Because other work has indicated that most HIV infections actually arise from a single virus (or at least a set of viruses that all look identical), an estimate of when the MRCA occurred for a patient can also serve as an estimate for when that patient was actually infected.
Now all this sounds fine but without actually knowing when the patient was infected, how do we know that these methods are correct or are wildly off-base?

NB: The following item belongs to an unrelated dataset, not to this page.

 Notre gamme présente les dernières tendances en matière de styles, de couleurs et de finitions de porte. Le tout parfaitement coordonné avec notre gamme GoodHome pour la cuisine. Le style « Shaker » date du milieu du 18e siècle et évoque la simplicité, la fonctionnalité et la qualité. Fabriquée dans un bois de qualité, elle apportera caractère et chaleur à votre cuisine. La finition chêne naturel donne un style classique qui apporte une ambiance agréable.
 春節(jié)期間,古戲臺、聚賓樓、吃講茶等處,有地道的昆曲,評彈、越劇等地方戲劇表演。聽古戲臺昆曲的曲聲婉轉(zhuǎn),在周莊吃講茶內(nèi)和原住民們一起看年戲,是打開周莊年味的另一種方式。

Well, there are other non-genetic ways of estimating when someone was infected with HIV. For example, around three-quarters of all people with HIV have a flu-like illness called an acute retroviral syndrome about 14 days after getting infected. So, if you know when that first occurred for someone, you can guess that they were infected about 2 weeks before. Patients in this phase of their HIV infection will test negative for HIV antibodies, but will have detectable levels of HIV RNA in their blood, which is another indicator of acute HIV infection, again occurring approximately 14 days after infection.
Using these and other approaches, the researchers could compare their phylogenetic estimates of dates of infection to these non-genetic estimates of viral syndromes and the like. As the figure indicates, the dates of infection estimated by the phylogenetic approach (Y axis) are actually quite similar to the dates derived from the non-genetic approaches. An independent dataset with known dates of seroconversion (the point at which HIV antibodies appear) again confirmed that this approach is quite accurate.
Thus overall, we can use these approaches that incorporate what we know about evolution of HIV to determine how long in the past it was that a most recent common ancestor occurred. When we do that for a single patient, we get an estimate of their date of infection. And when we do it with sequences from the whole of the HIV epidemic (including very old archived sequences since before the epidemic took off) we can estimate the MRCA of all HIV strains and when the virus first crossed over into humans.